A group of like-minded citizens has worked for months to create a model of what the structure might have looked like on the interior and exterior, Leahigh said.
The impetus is that the city council will consider a demolition permit for the blacksmith shop at a special meeting at 7 p.m. Monday, Jan. 12.
The Historic Preservation Commission voted in December to deny the demolition permit request.

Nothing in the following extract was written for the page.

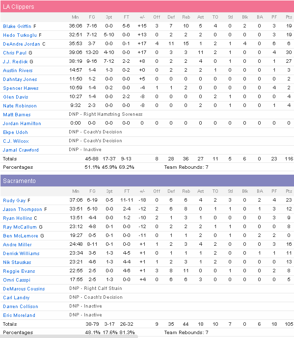 En troisième acte les Clippers ont fait le premier mini-break à la faveur d’un 11-4 pour mener 69-62 puis 76-66 suite à un 7-0. Finalement à l’entame du dernier quart les hommes de Doc Rivers menaient 80-73 mais le trio Reggie Evans, Andre Miller (16 points) et Derrick Williams (11 points) a ramené les Kings très rapidement sur un 11-4, 84-84 à 9 minutes de la fin. LA a alors entamé son festival derrière la ligne à trois points. En 3’30 Redick en a inscrit 2, Turkoglu 2 et Chris Paul 1, résultat un 18-6 pour les Clippers qui les a mis devant 102-90, pliant définitivement le match.
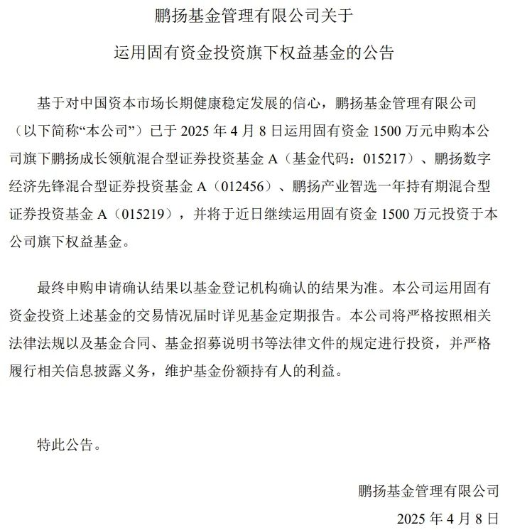 上述四家公募基金公司中,包含多家最新管理规模超6000亿元的大型公募,自购金额合计将达到2.05亿元。其中,招商基金和博时基金同属招商系。此前,招商局集团旗下7家上市公司招商蛇口、招商港口、招商轮船、招商公路、中国外运、辽港股份、招商积余集体宣布将加快实施股份回购计划,以维护广大投资者的利益,增强投资者对公司的投资信心,稳定及提升公司价值。 《国际金融报》记者从其他多家公募处了解到,虽近期暂未发布自购公告,但不排除后续会有自购产品的可能。 今年以来,基金公司的自购行为更加频繁。公募排排网数据显示,截至4月8日,公募基金公司合计自购95次,净申购金额达11.94亿元,涉及47家公募公司旗下95只基金。其中,权益类基金成为自购主力产品,股票型基金年内自购59次,净申购金额达5.71亿元,占全部基金净申购总额47.85%;混合型基金年内自购17次,净申购金额达1.7亿元,占全部基金净申购总额14.25%。 看好逆势机会 在业内人士看来,基金公司此时选择逆向投资,是在向市场传递看好的积极信号。 华夏基金认为,2025年市场或呈现“外险先至,内援后到”的态势,当下正处于关键节点。尽管美国的关税政策短期内会抑制双边贸易,对我国出口造成压力,加大市场波动态势。但从中长期来看,中国依托全球最完整的工业体系、持续突破的科技创新生态、纵深广阔的国内市场,将加速重构全球经济增长范式。 从市场表现看,华夏基金表示,目前风险偏好开始有所修复,从本周二涨停个股比例大幅提升来看,市场有望步入修复阶段。而周一快速的下跌包含了足够多的悲观预期,本周大概率处于“不能更糟”时刻。此外,叠加中国权益资产整体估值仍然是估值洼地,当下或是一次重要逆向布局时刻。 方正富邦基金经理乔培涛认为,尽管市场短期震荡难以避免,但中国资本市场仍展现出较强的抗跌韧性。 “我国在激发内需潜力方面具有显著政策纵深,随着二季度稳增长政策的持续加码,消费复苏主线或将成为A股市场的重要支撑。美股大跌更深层次的原因在于,其过去多年蕴含的高估值风险集中释放。相比之下,A股市场当前整体估值不高,权益资产具备较高投资性价比。”乔培涛表示。 具体到投资上,乔培涛建议,短期可关注高股息(电力、公路、银行)、内需(地产基建、航空、军工)、自主可控国产替代(半导体材料、医疗设备),以及受益关税反制(农业、稀土)。中长期看,新质生产力领域的优势正逐渐显现,新科技浪潮仍在涌现,继续看好以新质生产力为代表的成长板块。 |

Developer Shodeen is appealing that decision to the council.
Leahigh credited Craig Elliott for building an architectural model of the blacksmith shop, which was once part of the iconic Mill Race Inn restaurant.
In the course of creating the model, preservations also developed concepts for its adaptive reuse, which they will present Thursday.
The Mill Race Inn restaurant closed in 2011. The developer bought the property in 2014.
Shodeen would like to demolish the remnant limestone blacksmith shop so the site can be developed without it.
The developer has public support for demolition, according to testimony at the Historic Preservation Commission hearing.
In past comments, David Patzelt, president of the Shodeen Group, said there is nothing the developer can do with the structure, as it is too expensive to repurpose, and there’s nowhere to move it and no buyers for it.
Patzelt said late Monday that he would not attend the preservationists’ event.
“I know nothing about it, nor am I interested in it,” Patzelt said.
In addition to the diorama, retired architect Chuck Cassell painted a watercolor of it.
“I support what they’re trying to do,” Cassell said. “I don’t see the blacksmith shop as an architectural edifice of some kind. Its importance is in its function.”
The blacksmith shop in the 1830s and 1840s was a major industry that supported farmers and anyone else who was trying to make a living off the land, Cassell said.
“The community could not have existed without the blacksmith shop,” he said. “Saving it is important.”